◆ MATERIAL PROVIDED ◆
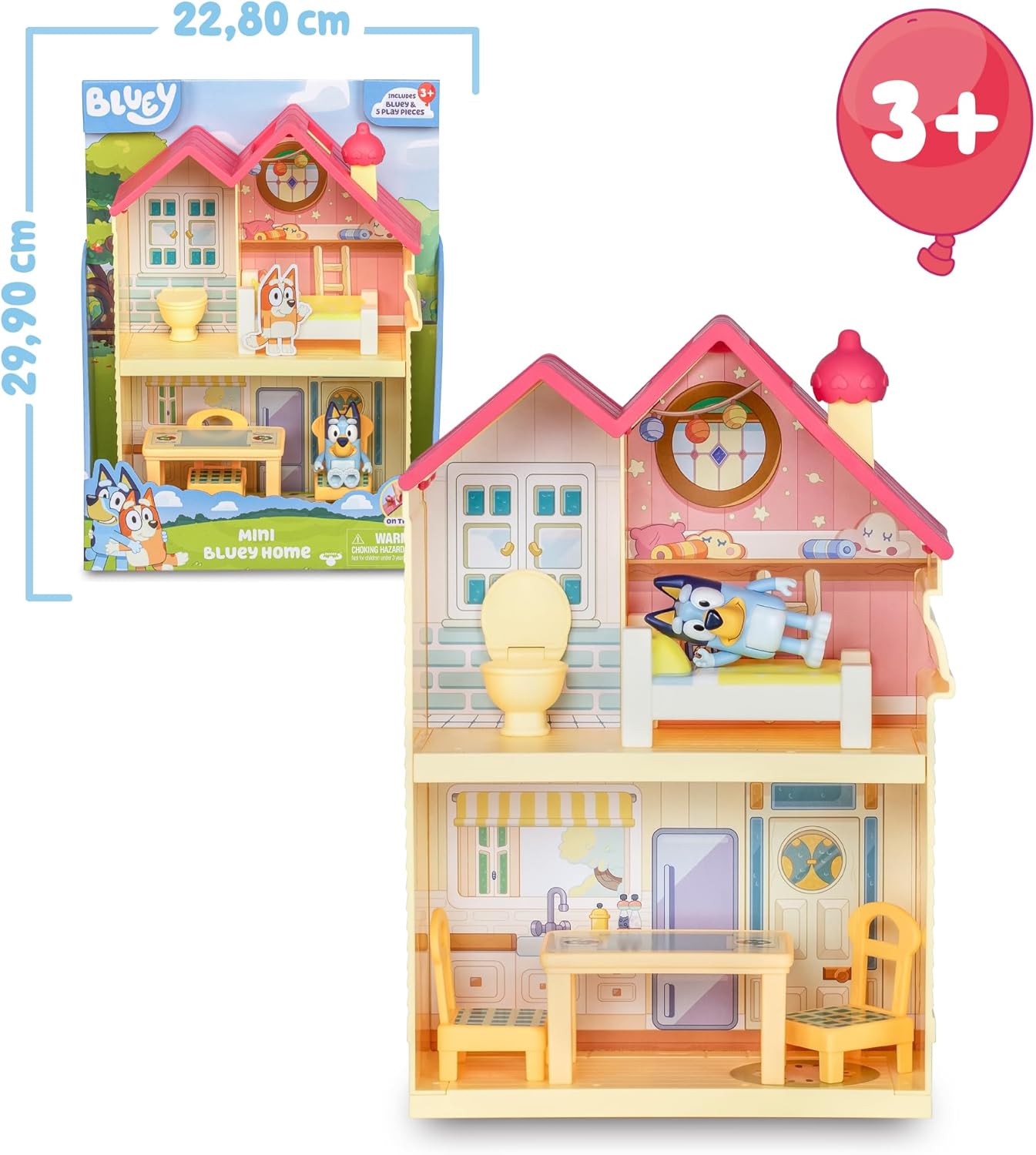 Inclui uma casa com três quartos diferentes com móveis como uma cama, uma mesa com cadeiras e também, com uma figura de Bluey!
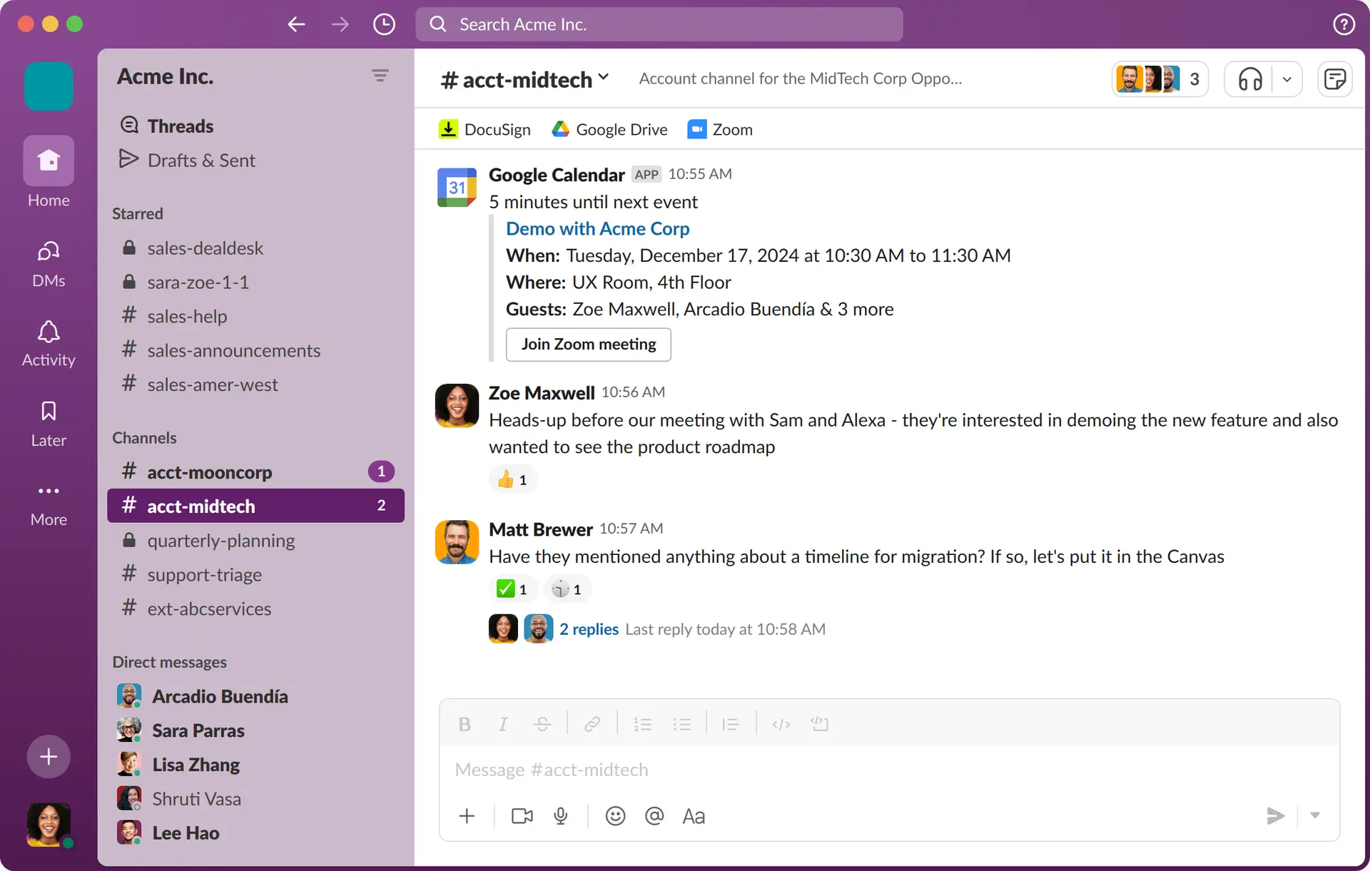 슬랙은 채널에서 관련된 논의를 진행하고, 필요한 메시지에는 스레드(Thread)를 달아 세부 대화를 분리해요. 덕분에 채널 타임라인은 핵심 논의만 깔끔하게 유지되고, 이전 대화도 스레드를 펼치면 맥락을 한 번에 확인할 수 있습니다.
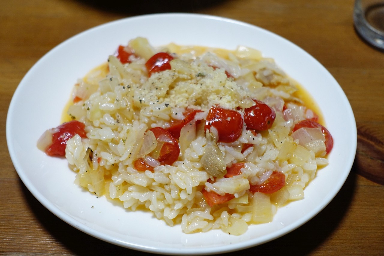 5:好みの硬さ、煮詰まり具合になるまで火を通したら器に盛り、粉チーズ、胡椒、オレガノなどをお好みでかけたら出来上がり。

◆ WORK TO BE COMPLETED ◆
Restate all of the data word for word and include no pictures.

◆ RESPONSE BOX ◆
 Inclui uma casa com três quartos diferentes com móveis como uma cama, uma mesa com cadeiras e também, com uma figura de Bluey!
 슬랙은 채널에서 관련된 논의를 진행하고, 필요한 메시지에는 스레드(Thread)를 달아 세부 대화를 분리해요. 덕분에 채널 타임라인은 핵심 논의만 깔끔하게 유지되고, 이전 대화도 스레드를 펼치면 맥락을 한 번에 확인할 수 있습니다.
 5:好みの硬さ、煮詰まり具合になるまで火を通したら器に盛り、粉チーズ、胡椒、オレガノなどをお好みでかけたら出来上がり。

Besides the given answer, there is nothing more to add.